§ **RECORDS TO PROCESS**
# # # # #

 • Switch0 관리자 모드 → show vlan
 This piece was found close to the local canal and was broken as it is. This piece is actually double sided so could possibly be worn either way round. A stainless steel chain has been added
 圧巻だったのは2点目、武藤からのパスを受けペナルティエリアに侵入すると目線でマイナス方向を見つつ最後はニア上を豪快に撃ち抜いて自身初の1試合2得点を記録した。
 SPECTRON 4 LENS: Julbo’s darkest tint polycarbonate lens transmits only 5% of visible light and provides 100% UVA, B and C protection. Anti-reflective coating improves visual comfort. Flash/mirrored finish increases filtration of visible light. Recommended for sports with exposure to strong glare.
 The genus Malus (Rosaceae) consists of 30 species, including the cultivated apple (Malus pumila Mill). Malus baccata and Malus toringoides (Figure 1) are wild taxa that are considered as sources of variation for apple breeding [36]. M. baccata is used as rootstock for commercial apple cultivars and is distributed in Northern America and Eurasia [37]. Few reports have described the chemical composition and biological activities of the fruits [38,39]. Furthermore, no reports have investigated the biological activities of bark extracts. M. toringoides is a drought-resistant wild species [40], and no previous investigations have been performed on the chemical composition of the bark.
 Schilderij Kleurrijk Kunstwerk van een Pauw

# # # # #

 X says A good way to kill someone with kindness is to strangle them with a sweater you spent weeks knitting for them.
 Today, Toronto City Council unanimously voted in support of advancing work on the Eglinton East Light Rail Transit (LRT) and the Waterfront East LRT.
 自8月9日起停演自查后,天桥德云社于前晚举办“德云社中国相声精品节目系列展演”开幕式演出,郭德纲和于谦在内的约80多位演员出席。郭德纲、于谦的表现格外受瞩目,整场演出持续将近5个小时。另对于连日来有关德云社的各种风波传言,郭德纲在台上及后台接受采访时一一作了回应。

# # # # #

In the listing above, find the line with "Today, Toronto City" and the line with "自8月9日起停演自查后,天桥"; output exactly those lines and all lines between them.

§ **TASK RESPONSE**
 Today, Toronto City Council unanimously voted in support of advancing work on the Eglinton East Light Rail Transit (LRT) and the Waterfront East LRT.
 自8月9日起停演自查后,天桥德云社于前晚举办“德云社中国相声精品节目系列展演”开幕式演出,郭德纲和于谦在内的约80多位演员出席。郭德纲、于谦的表现格外受瞩目,整场演出持续将近5个小时。另对于连日来有关德云社的各种风波传言,郭德纲在台上及后台接受采访时一一作了回应。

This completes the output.